Emily Rhodes

Male violence pulses through Evie Wyld’s The Bass Rock

Three women tell their stories in the shadow of the Rock — all struggling with the trauma of abuse and bereavement

The Bass Rock. Credit: Getty Images 
issue 28 March 2020

‘It’s a woman’s thing, creation,’ says Sarah,a girl accused of witchcraft in 18th-century Scotland, in one of the three storylines in Evie Wyld’s powerful new novel. Sarah is pregnant, having been raped and nearly killed. She is looking at a piece of sacking sewn by a sister and mother, and continues: ‘You can see how they felt in each stitch, you can hear the words they spoke to each other and into the cloth.’ The Bass Rock is in many ways an amplification of these words spoken into the cloth, a feminine counterforce to the masculine violence that pulses viscerally throughout.

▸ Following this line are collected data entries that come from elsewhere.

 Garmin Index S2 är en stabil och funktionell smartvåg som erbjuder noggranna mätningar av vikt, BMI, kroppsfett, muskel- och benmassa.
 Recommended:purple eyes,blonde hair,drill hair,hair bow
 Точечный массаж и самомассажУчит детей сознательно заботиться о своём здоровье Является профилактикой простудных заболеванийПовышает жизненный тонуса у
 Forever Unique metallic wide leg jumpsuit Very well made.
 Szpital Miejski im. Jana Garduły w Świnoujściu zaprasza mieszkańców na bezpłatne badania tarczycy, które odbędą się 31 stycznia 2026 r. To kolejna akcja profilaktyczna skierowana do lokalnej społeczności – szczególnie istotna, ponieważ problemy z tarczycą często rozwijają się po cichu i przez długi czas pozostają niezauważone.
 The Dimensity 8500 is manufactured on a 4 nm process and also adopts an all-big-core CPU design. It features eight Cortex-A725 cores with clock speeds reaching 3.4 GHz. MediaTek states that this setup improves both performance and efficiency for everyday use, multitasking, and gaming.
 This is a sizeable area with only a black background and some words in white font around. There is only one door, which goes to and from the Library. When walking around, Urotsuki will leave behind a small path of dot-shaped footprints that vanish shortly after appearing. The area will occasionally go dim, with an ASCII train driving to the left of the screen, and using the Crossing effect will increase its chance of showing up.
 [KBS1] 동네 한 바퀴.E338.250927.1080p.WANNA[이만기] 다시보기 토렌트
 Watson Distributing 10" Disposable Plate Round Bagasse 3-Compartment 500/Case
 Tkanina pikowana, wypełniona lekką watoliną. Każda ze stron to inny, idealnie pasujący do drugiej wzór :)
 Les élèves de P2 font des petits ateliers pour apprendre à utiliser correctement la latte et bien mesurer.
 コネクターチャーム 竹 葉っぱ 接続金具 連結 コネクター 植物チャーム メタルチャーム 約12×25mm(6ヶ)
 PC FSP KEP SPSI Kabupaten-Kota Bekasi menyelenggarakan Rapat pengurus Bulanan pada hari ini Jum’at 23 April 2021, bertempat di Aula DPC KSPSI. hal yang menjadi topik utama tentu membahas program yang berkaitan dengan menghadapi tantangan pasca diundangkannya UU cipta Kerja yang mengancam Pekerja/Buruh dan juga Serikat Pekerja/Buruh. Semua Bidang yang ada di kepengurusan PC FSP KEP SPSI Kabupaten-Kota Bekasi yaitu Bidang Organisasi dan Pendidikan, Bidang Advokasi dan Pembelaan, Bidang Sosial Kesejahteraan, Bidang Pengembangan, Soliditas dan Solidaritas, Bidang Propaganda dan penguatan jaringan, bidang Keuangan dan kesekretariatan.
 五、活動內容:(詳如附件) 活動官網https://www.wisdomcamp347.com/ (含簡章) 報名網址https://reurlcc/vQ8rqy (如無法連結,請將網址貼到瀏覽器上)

Stitched around Sarah’s story are Viv’s contemporary thread, and Ruth’s in the 1950s; all three take place in Scotland, in the shadow of the looming Bass Rock of the title. We first encounter Viv doing a late-night supermarket shop on her way to clean out her great-aunt’s and grandmother’s house, when a stranger, Maggie, offers her a choc ice, then warns her about a man hiding behind her car.